[Opening The data section]
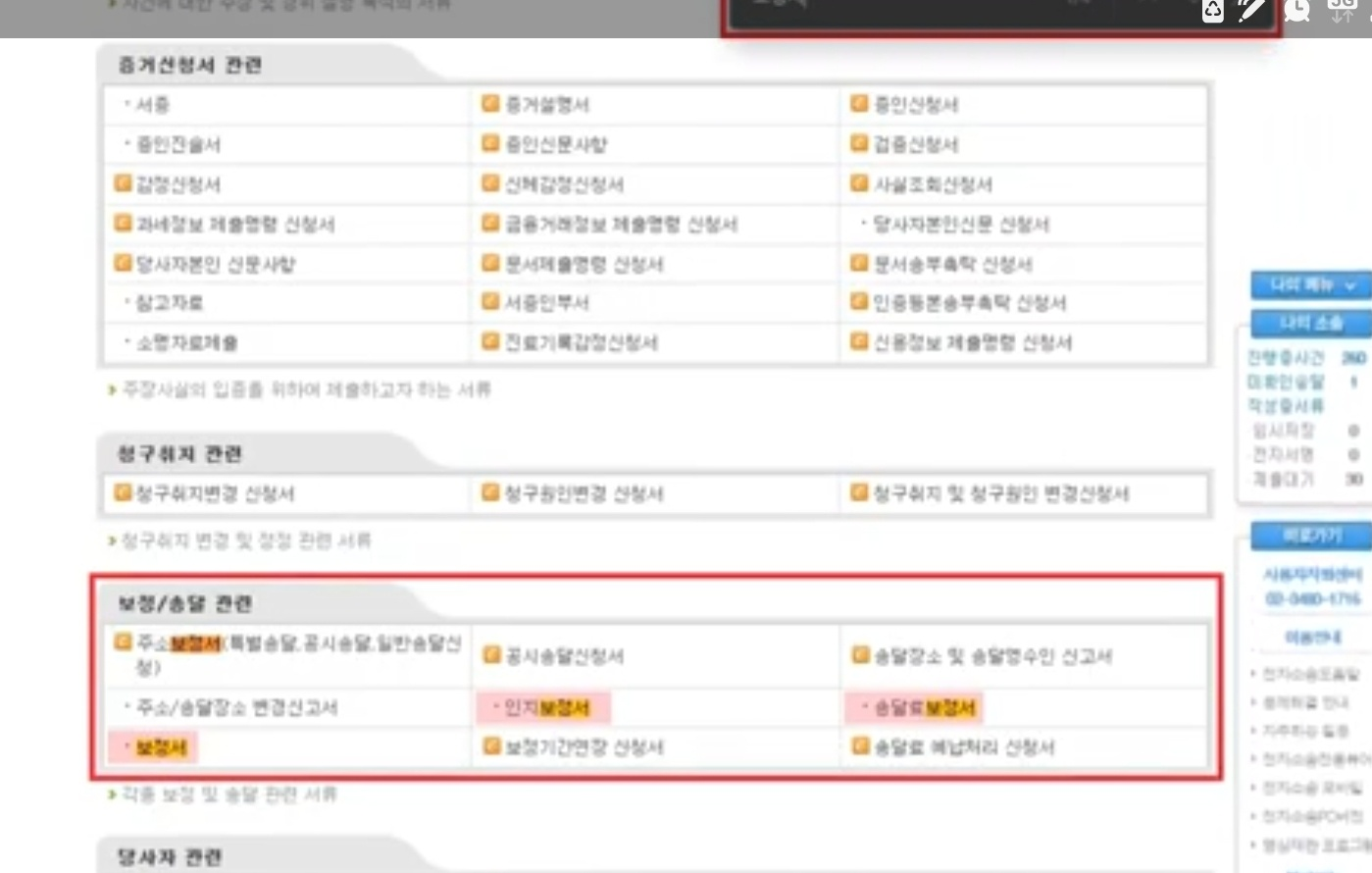 민사본안 항목에서 자주 찾는 민사신청서류를 살펴보면 기본적인 서류들이 상단에 고정되어 있으므로 보정서를 찾아 선택하면 된다고 합니다. 또는 ctrl+f를 누르고 검색어를 입력해서 원하는 소송 서류를 검색해서 선택할 수 있다고 합니다.
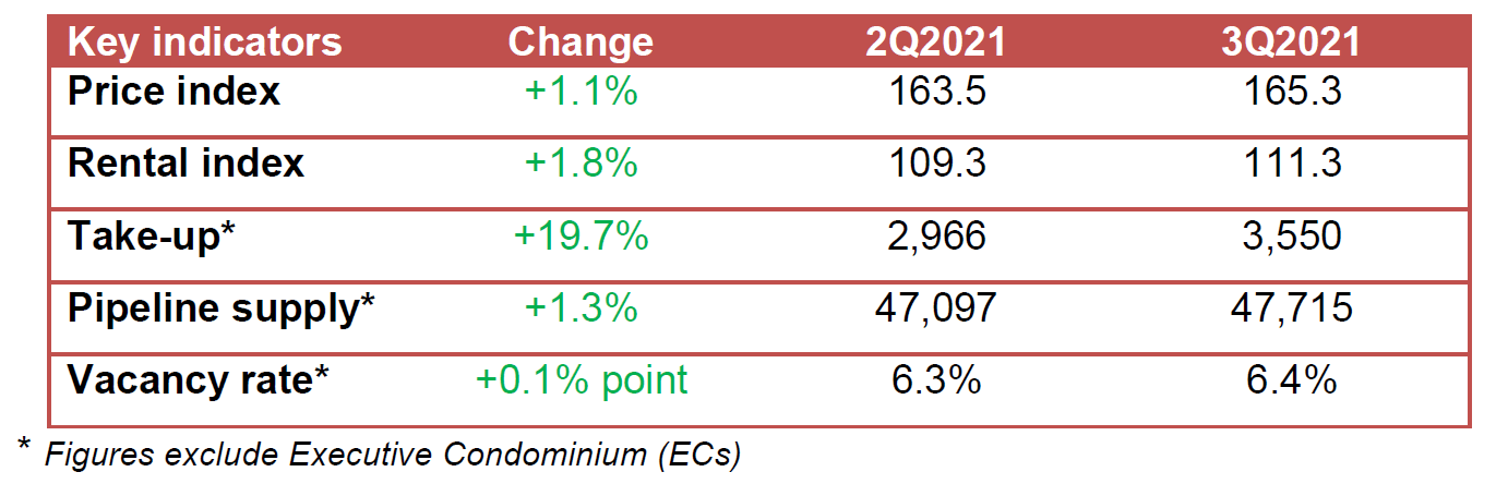 The private residential property price index increased to 165.3 points in the third quarter, up from 163.5 points in the second quarter, according to real estate statistics released by the Urban Redevelopment Authority (URA) on Friday (Oct 22).
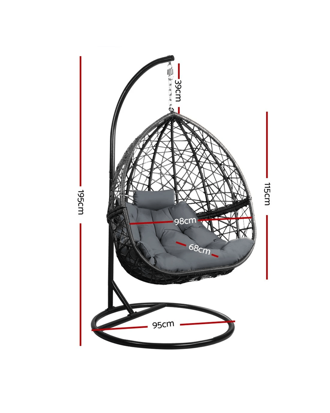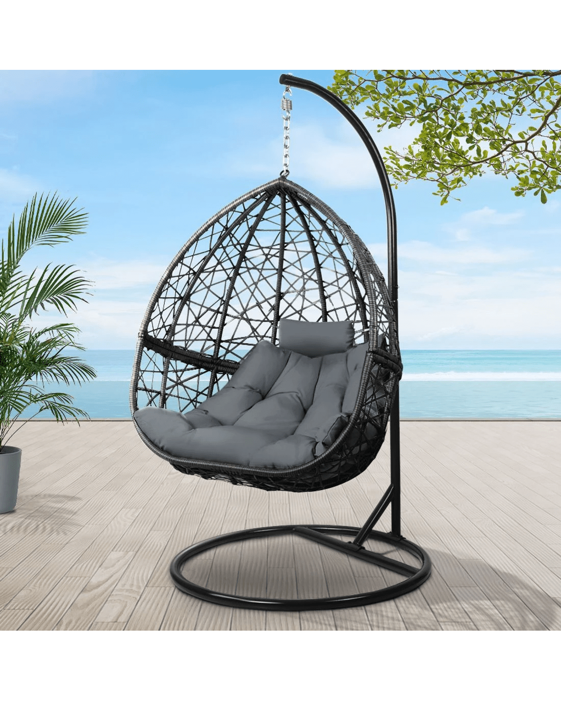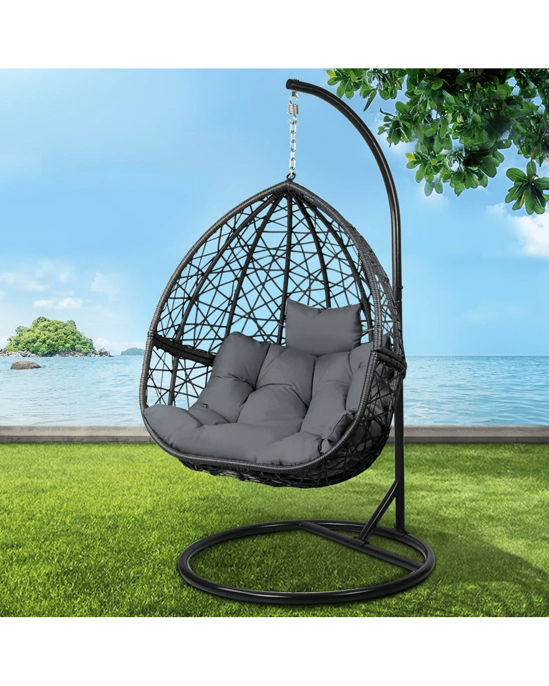 Gardeon Outdoor Egg Swing Chair Wicker Rattan Furniture Pod Stand Cushion - Multi
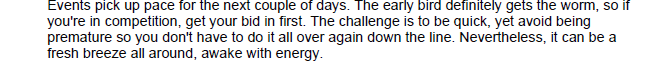 An auspicious time for any project demanding endurance or tolerance. Also good for establishing new habits and rituals.
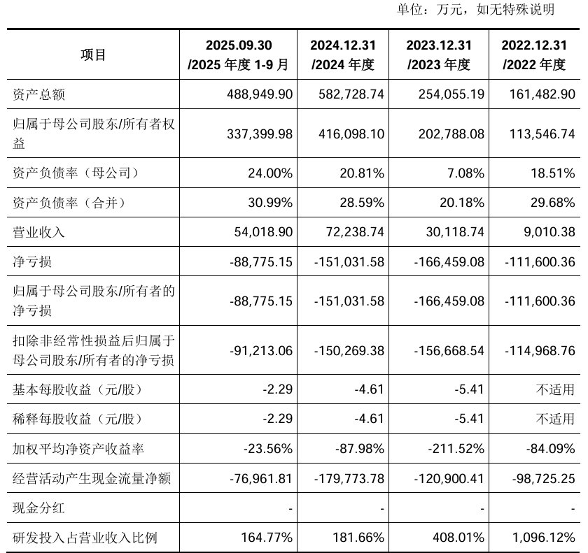 财务方面,于2022年度、2023年度、2024年度、2025年度1-9月,公司实现营业收入分别约9010.38万元、3.01亿元、7.22亿元、5.40亿元;同期,录得净亏损分别约11.16亿元、16.65亿元、15.10亿元、8.88亿元。
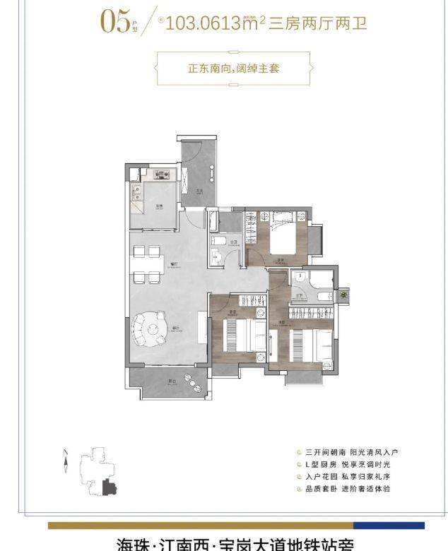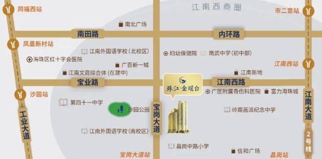 项目位于宝岗大道(海珠三大黄金走廊之一),处于江南大道和工业大道之间的核心位置,驾车 18 分钟就能到珠江新城,无论是日常通勤还是外出远行,交通便利性都极高,轻松畅达城市各处。
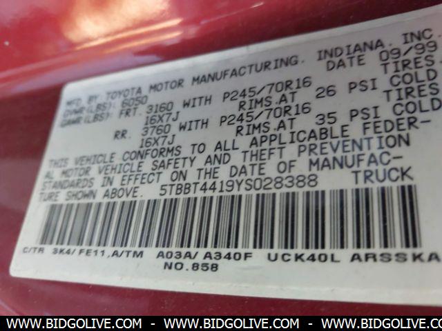 2000 TOYOTA TUNDRA SR5 4 Door EXT Cab Pk
[Closing The data section]
# Action item:
A faithful copy of every record is required, with no pictures included.

# Solution to this task:
 민사본안 항목에서 자주 찾는 민사신청서류를 살펴보면 기본적인 서류들이 상단에 고정되어 있으므로 보정서를 찾아 선택하면 된다고 합니다. 또는 ctrl+f를 누르고 검색어를 입력해서 원하는 소송 서류를 검색해서 선택할 수 있다고 합니다.
 The private residential property price index increased to 165.3 points in the third quarter, up from 163.5 points in the second quarter, according to real estate statistics released by the Urban Redevelopment Authority (URA) on Friday (Oct 22).
 Gardeon Outdoor Egg Swing Chair Wicker Rattan Furniture Pod Stand Cushion - Multi
 An auspicious time for any project demanding endurance or tolerance. Also good for establishing new habits and rituals.
 财务方面,于2022年度、2023年度、2024年度、2025年度1-9月,公司实现营业收入分别约9010.38万元、3.01亿元、7.22亿元、5.40亿元;同期,录得净亏损分别约11.16亿元、16.65亿元、15.10亿元、8.88亿元。
 项目位于宝岗大道(海珠三大黄金走廊之一),处于江南大道和工业大道之间的核心位置,驾车 18 分钟就能到珠江新城,无论是日常通勤还是外出远行,交通便利性都极高,轻松畅达城市各处。
 2000 TOYOTA TUNDRA SR5 4 Door EXT Cab Pk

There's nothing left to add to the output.